The present invention relates to methods and systems for providing three-dimensional representations and will be described below with reference to this application. However, it will be appreciated that the invention is not limited to this particular field of use.
Several methods for providing volumetric representations of three-dimensional objects are known in the art. An example of a method for providing volumetric representations of three-dimensional objects includes providing a three-dimensional (3D) shape reconstruction of objects from multiple views. The computation of the visual hull from object silhouettes is a popular technique.
The method, also called shape-from-silhouette, delivers a 3D description of the object. The approach requires a set of silhouette images from calibrated cameras. A silhouette image is a binary (or in some cases, grey scale) image where each pixel indicates whether this pixel belongs to the object or not. The silhouette information can be determined by any suitable segmentation process. This is advantageously done using chroma-keying or difference-keying as described in our GB-0220972.4 and our earlier applications referred therein.
The 3D shape reconstruction can be formulated as the intersection of generalised cones of the silhouette images. A generalised cone is the union of visual rays from all silhouette points of a particular image. This intersection gives only an approximation of the real object shape and is called the visual hull. In particular concavities cannot be modeled with this method.
Several algorithms have been published for the computation of the visual hull, for example: W. Martin and J. K. Aggarwal, “Volumetric descriptions of objects from multiple views,” IEEE Transactions on Pattern Analysis and Machine Intelligence, vol. 5, no. 2, pp. 150–158, March 1983; M. Potmesil, “Generating octree models of 3D objects from their silhouettes in a sequence of images,” Computer Vision, Graphics and Image Processing, vol. 40, pp. 1–29, 1987; Richard Szeliski, “Rapid octree construction from image sequences,” CVGIP: Image Understanding, vol. 58, no. 1, pp. 23–32, July 1993; and Wolfgang Niem, “Robust and fast modeling of 3d natural objects from multiple views,” in SPIE Proceedings, Image and Video Processing II, San Jose, February 1994, vol. 2182, pp. 388–397. These approaches attempt to solve the problem in a volumetric space representation. The most common of these representations is to subdivide a 3D box in euclidian 3-space into a set of voxels of discrete size. The size of the box is predetermined such that the object can fit inside. In order to save memory these may be represented as “octrees” or are run-length encoded.

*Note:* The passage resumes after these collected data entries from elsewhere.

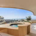 - Discover a unique 3-bedroom middle floor at the corner of the building, where no one lives above you—offering privacy, light, and a peaceful ambiance rarely matched. The living room flows directly into the main bedroom through a sliding glass wall, allowing you to open up the space fully when you choose or close it for intimacy. With an extended living area that stretches to a side terrace framed in full-height glass, you’ll enjoy sweeping Mediterranean views from multiple perspectives. Throughout, rich wooden floors are complemented by real wood accents along the walls and ceilings, adding warmth, texture and natural character to every room. Step outside and sink into your private jacuzzi under the stars in your own outdoor sanctuary. This home combines architectural elegance with resort-level living, all wrapped in a layout that feels expansive, airy, and absolutely exceptional.
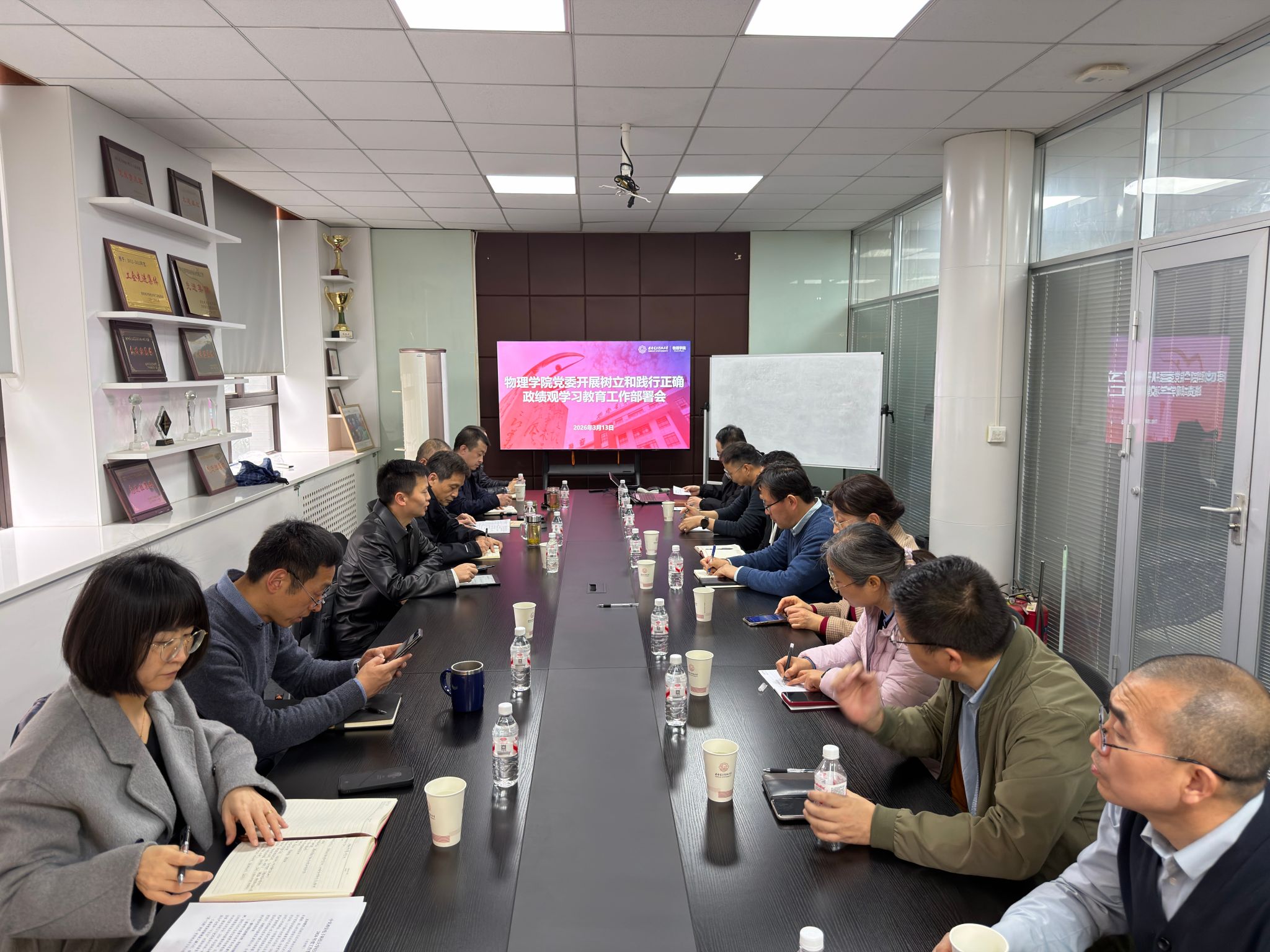 (通讯员:薛乐)3月13日下午,物理公司党委在雁塔校区西大楼4楼中厅会议室召开会议,传达公司党的建设和全面从严治党工作领导小组(扩大)会议精神,全面部署了公司开展树立和践行正确政绩观公司教育工作,公司领导班子成员、“两委”委员、各党支部书记及支委参加会议。公司党委书记黄军荣主持会议。会议集体学习了公司党委开展树立和践行正确政绩观公司教育工作方案及有关工作资料。黄军荣讲到,2026年是“十五五”事业规划开局之年,...
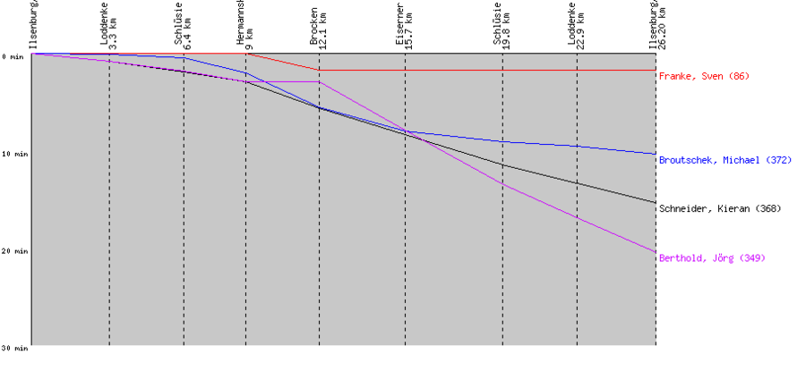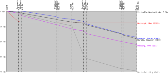 Dieses Rennen ist auch dank der vielen Zwischenzeiten über eine Grafik gut zu verfolgen und auszuwerten. Als Beispiel sollen die vor dem Rennen 5 Bestplazierten der AK Senioren2 im Harz-Cup gezeigt werden:

For the use of the 3D reconstruction, e.g. in a computer graphic application, a surface description, usually a polygonal mesh has to be generated. An often used algorithm is the marching cubes algorithm, described in U.S. Pat. Nos. 4,710,876 and 4,885,688, which creates an iso-surface of a volumetric data set. Since the mentioned shape-from-silhouette methods compute binary voxels the 3D surfaces generated from those using the marching cube algorithm are very noisy. This noise is introduced due to spatial discretisation of the volumetric representations. That is to say, real data as the actual shape of the object is lost during the processing of the algorithm.